Simulazione 2 — NASpI già pignorata presso l’INPS

Ipotesi: NASpI netta di 1.254,90 euro; pignoramento presso l’INPS per un credito precettato di 8.903,44 euro; trattenuta del quinto pari a 250,98 euro al mese; restano 7 mesi di NASpI. L’udienza per l’assegnazione non si è ancora tenuta.

Sviluppo: il massimo che il creditore può ricavare dalla NASpI nel periodo residuo è 1.756,86 euro (250,98 × 7), in realtà meno per effetto del décalage. Il debitore offre 2.140,00 euro in unica soluzione: 1.500,00 euro accantonati dalla NASpI dei mesi precedenti su un conto non pignorato e 640,00 euro dalla mensilità corrente. L’accordo prevede la rinuncia agli atti da depositare prima dell’udienza. Dal fascicolo risulta che non ci sono creditori intervenuti.

Esito: la rinuncia del procedente estingue il processo (art. 629 c.p.c.) e le trattenute cessano. Variante: se un secondo creditore munito di titolo fosse intervenuto per 3.120,50 euro, la rinuncia del solo procedente non basterebbe e la procedura potrebbe proseguire su iniziativa dell’intervenuto. L’accordo andrebbe allora esteso anche a lui, oppure si dovrebbe valutare la conversione del pignoramento.

Simulazione 3 — Anticipo NASpI per avviare un’attività

Ipotesi: 19 mensilità residue da circa 1.105,30 euro, per un anticipo complessivo di 21.000,70 euro; prima rata (70%) di 14.700,49 euro, seconda rata (30%) di 6.300,21 euro. Esiste un decreto ingiuntivo esecutivo per 7.936,12 euro.

Sviluppo, scenario A: prima di presentare la domanda, il debitore firma con il creditore un accordo di saldo e stralcio per 3.970,00 euro, pagabile entro 60 giorni dall’erogazione della prima rata, con l’impegno del creditore a non avviare esecuzioni nel frattempo. Dopo il pagamento restano all’attività 10.730,49 euro.

Scenario B: nessun accordo. Il creditore pignora presso l’INPS prima dell’erogazione. Poiché l’anticipo è pignorabile per intero, viene vincolata la somma necessaria a coprire credito, interessi e spese, ipoteticamente 8.412,70 euro: all’attività restano 6.287,79 euro e il debito è stato pagato per intero, senza alcuno sconto.

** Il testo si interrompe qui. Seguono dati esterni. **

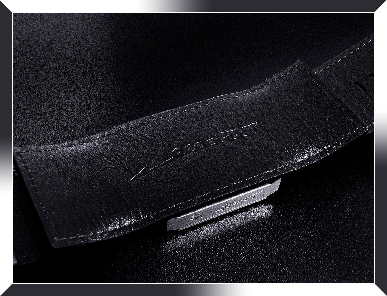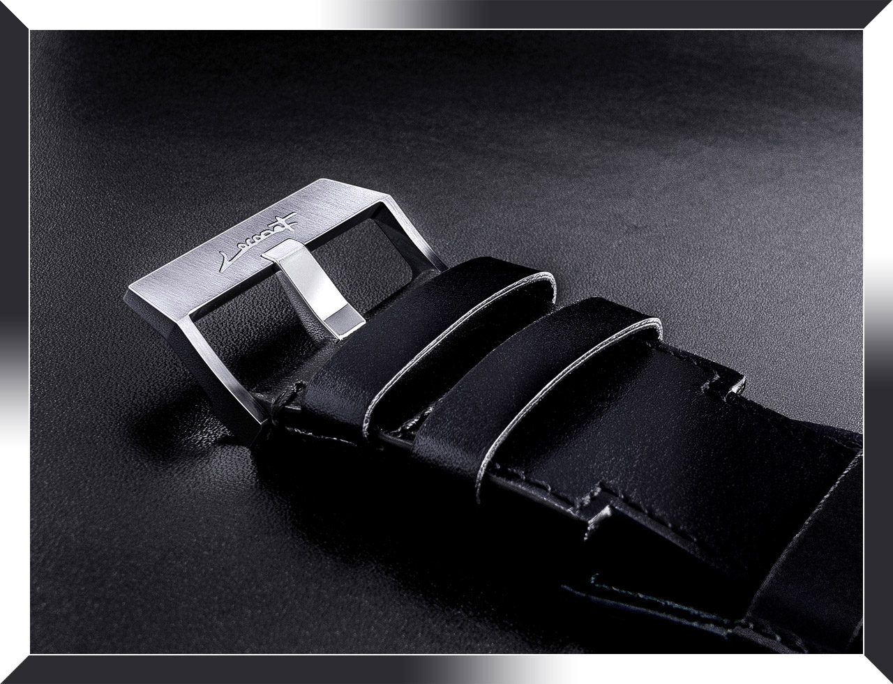 Pin buckle : 316 L grade stainless steel, precision machining, engraving, polishing and hand satin-finishing.

Scenario C: in entrambi i casi, se dopo cinque mesi il debitore accetta un lavoro da dipendente, perde la seconda rata e deve restituire la prima, salvo dimostrare che l’attività si è interrotta per cause a lui non imputabili, nel qual caso la restituzione va ridotta in proporzione alla durata del lavoro subordinato.

Esito: a parità di anticipo, la differenza tra lo scenario A e lo scenario B vale 4.442,70 euro di capitale per l’attività.


I casi misti: quando appartieni a più profili contemporaneamente

La vita non rispetta le categorie. Molti lettori si riconosceranno in due profili insieme: le regole si sommano, e talvolta si scontrano.

Disoccupato in NASpI e, allo stesso tempo, garante

Sei in NASpI e hai firmato una fideiussione per il figlio. Il creditore può agire contro di te come contro qualsiasi debitore: la tua NASpI è pignorabile nel limite del quinto e i risparmi sul conto sono esposti oltre la soglia. Allo stesso tempo, se tuo figlio ha altri creditori o sta valutando una procedura di sovraindebitamento, l’accordo che firmi per chiudere la garanzia influisce sulla sua posizione. La scelta tra transazione sulla quota e transazione sull’intero va fatta guardando entrambe le posizioni: una transazione sull’intero, a cui tuo figlio aderisce, chiude il problema per la famiglia; una transazione sulla sola tua posizione lo lascia esposto e ti attribuisce un diritto di regresso che forse non eserciterai mai.

Pignoramento in corso sulla NASpI e domanda di anticipo

È forse il caso misto più delicato. Se un creditore ha già pignorato i tuoi crediti verso l’INPS e tu chiedi la liquidazione anticipata, la somma che l’INPS dovrebbe erogarti non gode del limite del quinto: c’è il concreto rischio che la rata venga vincolata a favore del creditore fino all’importo del suo credito. Per chi si trova qui, la sequenza corretta è quasi sempre la stessa: prima si definisce il rapporto con il creditore pignorante, con un accordo che preveda la rinuncia agli atti o la rinuncia al credito assegnato, e solo dopo si presenta la domanda di anticipo.

NASpI e TFR in arrivo

Chi ha perso il lavoro spesso attende anche il TFR. Il TFR è un’indennità legata al rapporto di lavoro e segue, presso il datore, i limiti dell’art. 545 c.p.c. Sommato alla NASpI, può trasformare una trattativa impossibile in una trattativa concreta: un’offerta in unica soluzione ha molto più peso di una proposta a rate. Il TFR accreditato sul conto, però, si mescola alla NASpI e ai risparmi: la tempistica tra accredito, firma dell’accordo e pagamento va programmata con attenzione.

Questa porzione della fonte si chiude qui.